Le retour du serif n’a rien d’une nostalgie typographique. Il n’est pas l’expression d’un attachement sentimental aux caractères d’édition, ni la simple réactivation d’un héritage classique. S’il revient aujourd’hui dans autant d’identités visuelles, c’est parce qu’il répond à un besoin contemporain : remettre du relief, de la texture, de la singularité dans un paysage saturé de sans-serifs neutres. Le serif ne revient pas pour restaurer une tradition ; il revient parce que sa présence fait émerger une autre manière de parler aux yeux.
La plupart des sérifs adoptés en 2025–2026 ne sont pas des sérifs dociles. Ils s’écartent des proportions conventionnelles, déplacent les contrastes, étirent les contreformes. Certains épaississent brutalement leurs empattements. D’autres jouent avec des irrégularités qui semblent presque sculptées à la main. On y sent moins la référence à la typographie historique qu’une volonté de produire une voix visuelle unique, une sorte de signature. Le serif devient une matière, pas un style. Il affirme la personnalité d’une marque exactement là où le sans-serif devenait trop propre, trop attendu, trop anonyme.
Cette mutation s’accompagne d’un phénomène parallèle : le serif n’est plus lié à une ambiance “éditoriale” ou “littéraire”. Il apparaît dans la beauté, dans la mode, dans le luxe, mais aussi dans la tech et les services. Il sert autant à évoquer la sophistication qu’à signaler une forme d’exigence ou de sensibilité. Le serif contemporain s’extrait de ses anciennes fonctions pour devenir un outil de narration. Ce n’est plus un marqueur culturel figé, mais une manière de densifier un discours visuel qui, autrement, risquerait d’être trop lisse.

L’un des glissements les plus intéressants tient à son rapport à la matière. Beaucoup de sérifs récents sont granuleux, légèrement texturés, parfois volontairement imparfaits. Ils introduisent un frottement, une respiration, une sensation de présence tactile dans des environnements qui, au contraire, deviennent de plus en plus algorithmiques. On y lit une tentative de réintroduire du “vrai”, ou au moins du sensible, dans un contexte où la pureté digitale étouffe tout.
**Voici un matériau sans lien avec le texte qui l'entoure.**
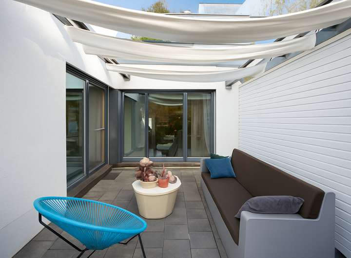 Dieses außergewöhnliche Haus folgt der Idee, einen Ort der Geborgenheit zu schaffen – ein Zuhause, das sich nach innen wendet und den familiären Zusammenhalt in den Mittelpunkt stellt. Inspiriert von der mediterranen Baukunst, erinnert das Konzept an das klassische Innenhofhaus, bei dem das Leben um einen zentralen, lichtdurchfluteten Raum kreist. Herzstück des Hauses ist die großzügige, glasüberdachte Wohnhalle, die zugleich Rückzugsort und Treffpunkt ist – ein Ort, an dem sich das Familienleben sammelt, geschützt vor der Hektik der Außenwelt.
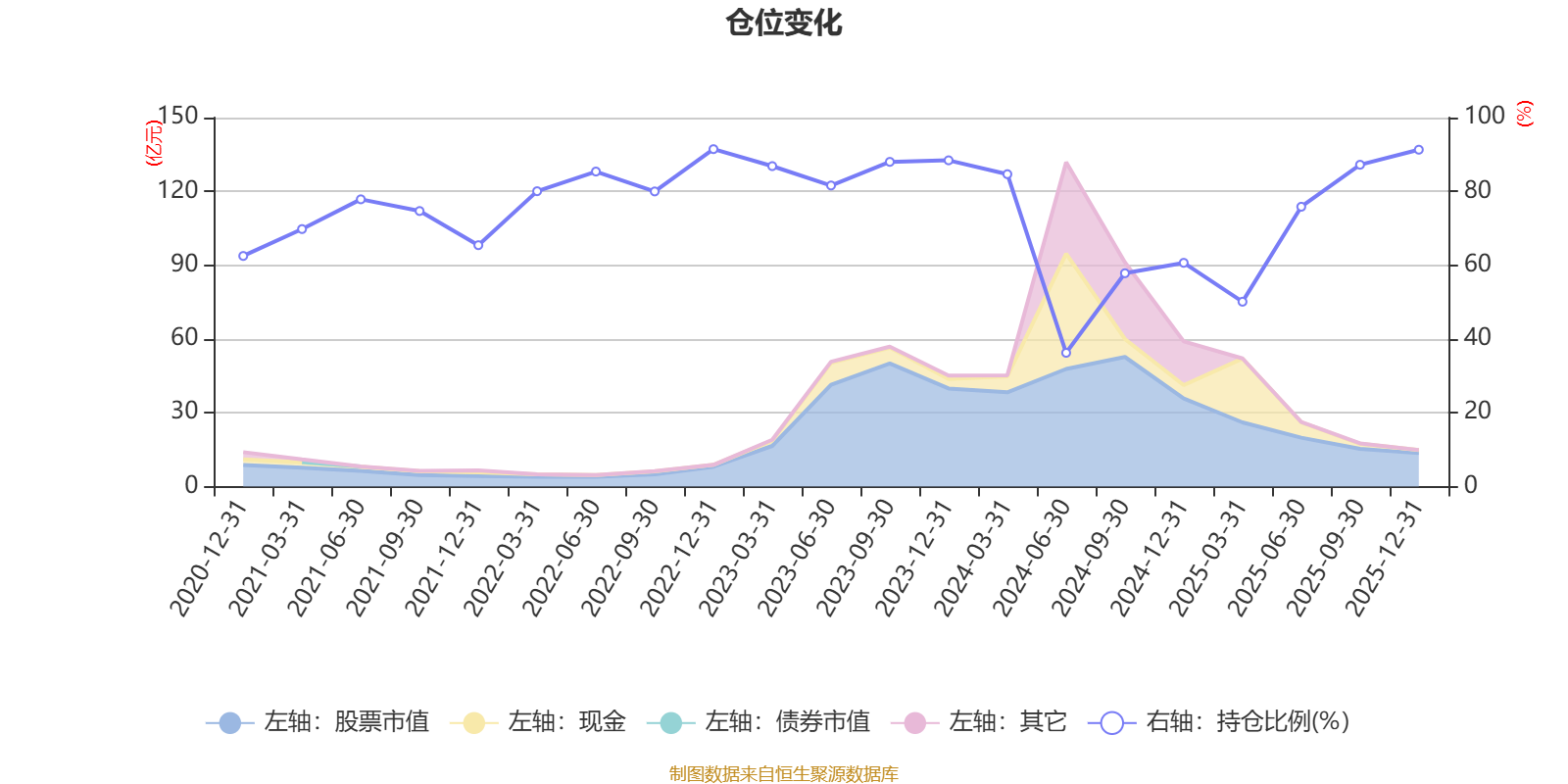 据定期报告数据统计,近三年平均股票仓位为74.06%,同类平均为72.57%。2022年末基金达到91.45%的最高仓位,2024年上半年末最低,为36.25%。
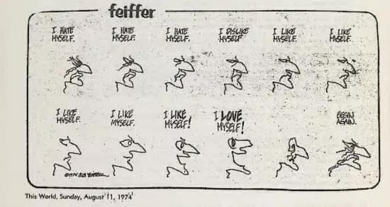 在上文提到的费弗(Feiffer)漫画中所呈现的,正是汤普金斯对于批评与自我批评——也即辩证唯物主义——的理解:它是一种具体地被感受和体验的过程,植根于主观层面。尽管漫画的主体聚焦于一个“我”,但我们也许可以将新左派整体描述为一种集体性地穿行于这些情绪之中的旅程——一种在群众层面、在全球尺度上的“向爱敞开”。正如乔治·卡齐亚菲卡斯(George Katsiaficas)在继承赫伯特·马尔库塞(Herbert Marcuse)的基础上所提出的那样,那个时代的“爱欲效应”催生了一种超越了正式政治革命与经济结构的革命观——它深入到日常生活的每一个细胞层面,渗透至人们日常思维与意识的习惯。简而言之:它是一场文化革命。

Le serif, avec ses pleins et déliés, redevient une manière d’indiquer que l’image n’est pas un flux, mais un geste.
Le serif n’est donc pas en train de refaire surface : il se reconfigure. Il ne revient pas à son point d’origine, il s’invente ailleurs. Il s’éloigne du classicisme, quitte la neutralité, s’aventure vers des formes hybrides qui empruntent autant au dessin de caractère qu’à la sculpture, à la calligraphie, au grain ou même à la logique modulable du numérique. On voit ainsi apparaître des sérifs semi-serifs, des sérifs dont les empattements semblent liquides, d’autres presque cassés, d’autres encore qui évoquent des fragments d’outils ou des pierres gravées.
Ce n’est pas le retour du serif : c’est son dédoublement. Le serpent ne remonte pas sur l’arbre, il mue. Les designers ne réhabilitent pas une tradition ; ils la déploient, l’étirent, la fissurent, l’ouvrent à des comportements qu’elle n’avait jamais assumés. Le serif de 2026 n’a pas pour mission d’être rassurant. Il cherche à être distinctif, vivant, texturé. S’il refait surface partout, c’est parce qu’il incarne exactement ce qui manque à des identités trop lustrées : une manière d’exister en dehors de la perfection.
Le serif revient parce que le monde visuel est à nouveau prêt à accueillir des formes qui dévient légèrement des règles. Pas pour célébrer hier, mais pour inventer demain.